Third Prayer (to open eyes of the blinded Syrian army):
“And it came to pass, when they had come to Samaria, that Elijah said (prayed), ‘Lord, open the eyes of this men, that they may see.’ And the Lord opened their eyes, and they saw; and there they were, inside Samaria! [trapped!]. verse 20. “Now when the king of Israel saw them, he said to Elisha, ‘My father, shall I kill them? Shall I kill them?’ verse 21. “And he answered, ‘You shall not kill them. Would you kill those whom you have taken captive with your sword and with your bow? Set food and water before them, that they may eat and drink and go to their master.” v 22. “Then he prepared a great feast for them, and after they ate and drank, he sent them away, and they went to their master. So the hands of the Syrian raiders came no more into the land of Israel.” v 23.
In a terrible time of crisis, Elisha prayed. But he did not pray like many have been doing since this Covid crisis struck. Many are praying because of fear. They hardly prayed before when life was pleasant and prosperous. In desperation they are pleading that G0d will stop the corona virus and restore normalcy. But Elisha’s prayers of faith started with asking God to first to open the eyes of his own servant! What an irony! The servant of the prophet who had witnessed all the miracles performed by his master!—and yet still blind? That is, “Wretched, miserable, poor, blind and naked” (Rev. 3:17)?
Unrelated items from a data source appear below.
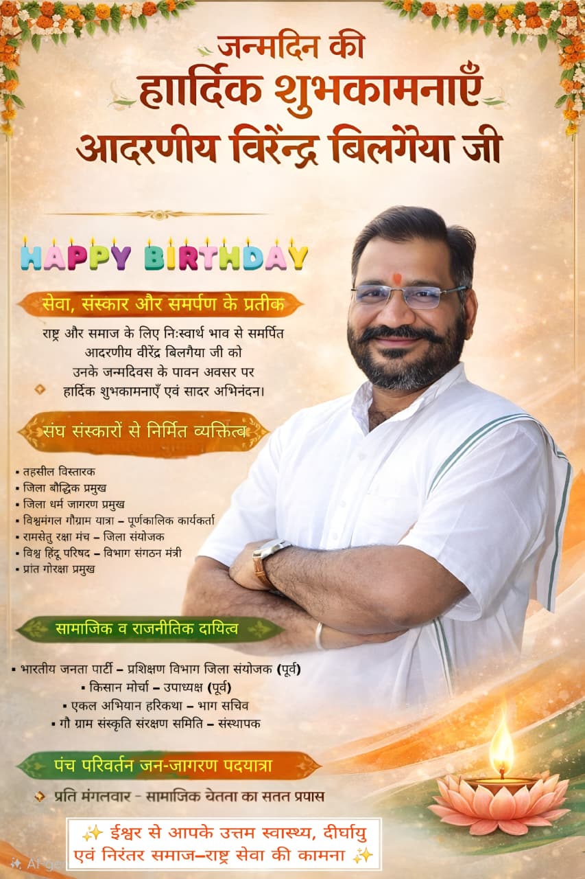 Betul Samachar/मनीष राठौर:- जब कोई व्यक्ति बिना किसी अपेक्षा के समाज और राष्ट्र के लिए अपना संपूर्ण जीवन समर्पित कर देता है, तो उसका जीवन स्वयं एक प्रेरक संदेश बन जाता है। सेवा, संस्कार और राष्ट्रनिष्ठा के इन्हीं मूल्यों को अपने आचरण और कर्म से जीने वाले वीरेंद्र बिलगैया जी को उनके जन्मदिवस के अवसर पर समाचार माध्यम के माध्यम से हार्दिक शुभकामनाए एवं सम्मान व्यक्त किया जा रहा है। उनका जीवन निःस्वार्थ सेवा, अनुशासन और राष्ट्रभक्ति का सशक्त उदाहरण है।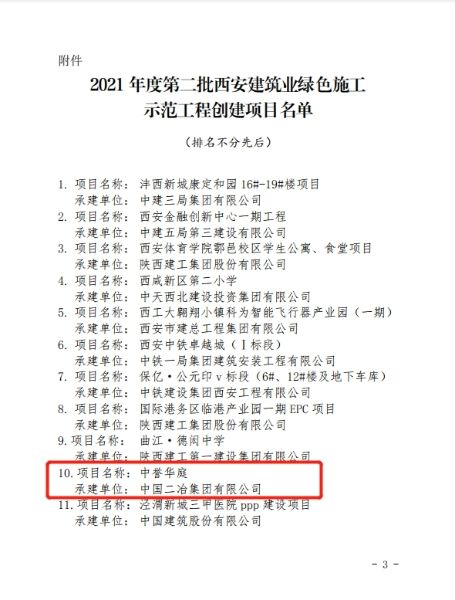 12月30日,由中國二冶承建的中譽華庭項目榮獲“2021年度第二批西安建筑業(yè)綠色施工示范工程”稱號。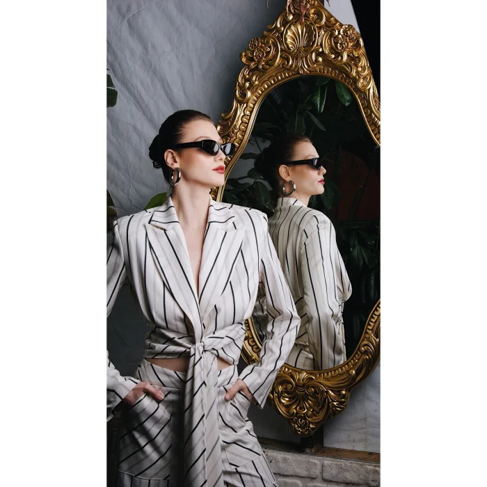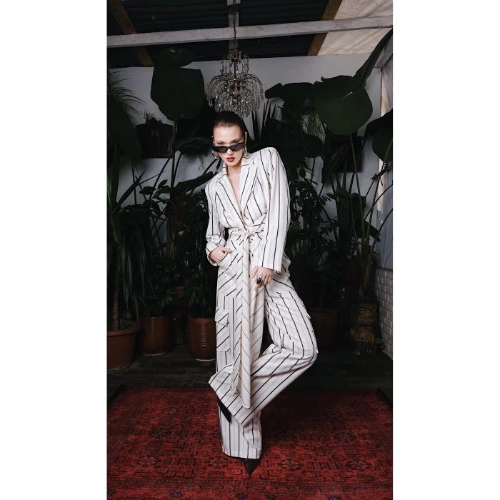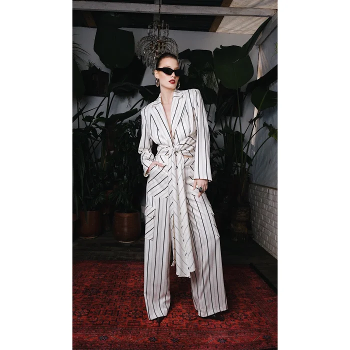 Jacket with long belt at the front, wide-leg cargo trousers with pockets on the sides. It is sold as a set.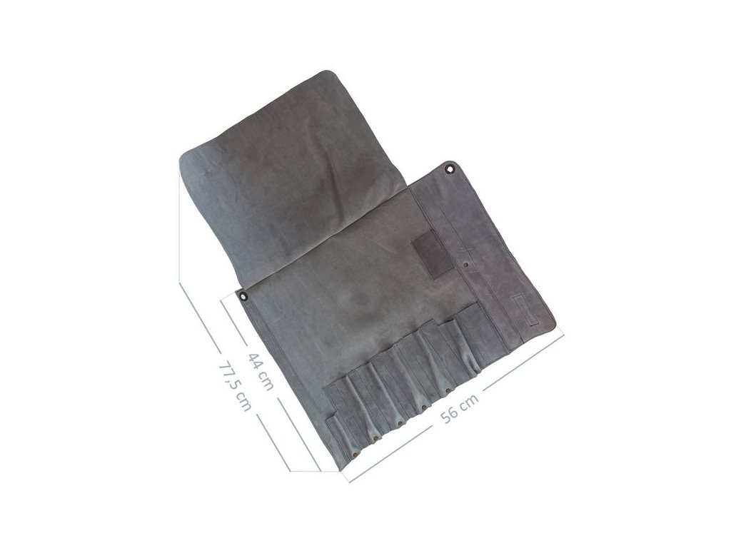 A Samura Leather Roll luxus bőrtok konyhai késekhez, első osztályú tömör bőrből készült, nagyon finom felülettel,szürke kivitelben. Ez a bőr guruló késtáska alkalmas konyhai kések tárolására és szállítására. A kések a helyükön maradnak és nem sérülnek meg. A tokban akár hét különböző méretű kést is tárolhat. Ide akár 40 cm-es kések is elférnek. A kibontott tok mérete 57 x 44 cm, súlya 755 g.
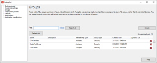 The Groups page shows available groups in Azure and you can add or remove groups from this page.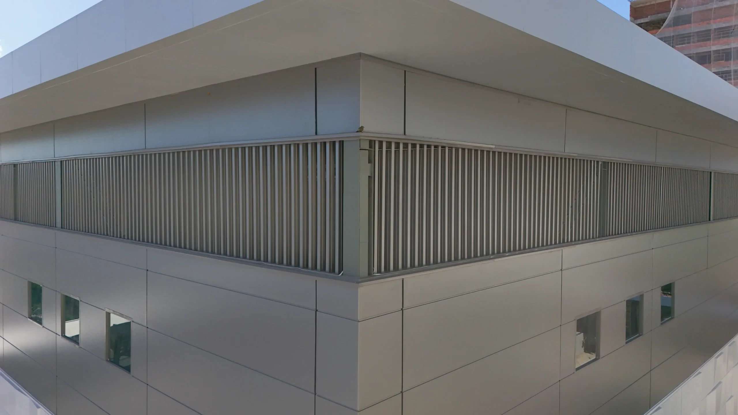Painel Evolution – Sistema que organiza os planos da fachada com linearidade e continuidade, proporcionando acabamento uniforme e leitura clara dos volumes arquitetônicos.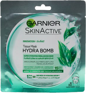 هذا القناع مبلل بتركيبة موازنة غنية بخلاصة الشاي الأخضر, حمض الهيالورنيك و سيروم مرطب. عندما يوضع على الوجه, يعمل كمضادة مرطبة لتوزيع فعالية السيروم داخل البشرة(1). يناسب البشرة الحساسة. خالي من البرابين. (1) طبقات البشرة السطحية فعالية ملحوظة (2): بعد 15 دقيقة: تسترجع بشرتك ترطيبها بشكل رائع و تصبح متوازنة و صافية. بعد أسبوع: يخف لمعان مناطق الوجه الدهنية, و تصبح المسام أقل وضوحا. إستعمال بعد استعمال, تتحسن نوعية بشرتك. (2) إختبار المستهلك – 62 إمرأة – 3 استعمالات لمدة أسبوع . كيف يستعمل:كيف يستعمل: 1. افتحي القناع. ضعي الطرف الأبيض بلطف على بشرة نظيفة. يجب أن يكون الطرف الأزرق ظاهرا. 2. اسحبي الغطاء الواقي الأزرق. حددي القناع على مدار وجهك. 3. اتركيه على وجهك لمدة 15 دقيقة. فهو يبقى لاصقا على وجهك و يجعلك تتحركين بحرية. 4. إسحبي القناع عن وجهك برفق. دلكي وجهك بلطف أو استعملي قطعة من القطن لإزالة الفائض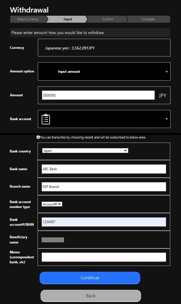 Bank account : 過去に出金した銀行口座情報をここから呼び出すことができます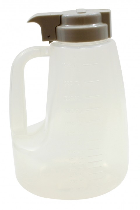Option™ Dispenser, 64 oz., 5-3/4" x 6-3/4" x 9", graduated markings, dishwasher safe, clarified polypropylene, plastic lid, gray, BPA free, made in USA (must be purchased in multiples of 6 each)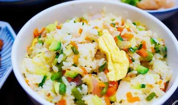 都說人一天中最好吃够5種顏色的食物才算是健康生活。我一碗炒飯就基本搞定了。炒飯中放了胡蘿蔔,蒜薹,黃瓜,洋葱,雞蛋,火腿腸。這飯兒子最喜歡的,百吃不厭。

As we have been learning throughout our studies on God’s dealings in the past with His people, the peoples of the nations, and the world itself, God is calmly fulfilling His purposes through the different great crises that He allows, and therefore, is in full control. It is man in rebellion against God’s law who is not in God’s control. As prophesied by the prophets of old and the apostles, sad history will repeat itself. Just like apostate Israel in Elijah and Elisha’s time, modern spiritual Israel is the one who is out of control. They are not fully yielded “in heart, mind, soul and strength” to God!
Elisha “saw by faith” and “walked by faith.” He did ask God, as many doubting Thomases still do, “to see is to believe.” Only when it was necessary, God also opened His servant’s physical sight. But what he saw merely affirmed and confirmed what he already knew and saw by the faith.
Are we like Elisha the prophet’s servant? Or like God’s faithful prophet servant?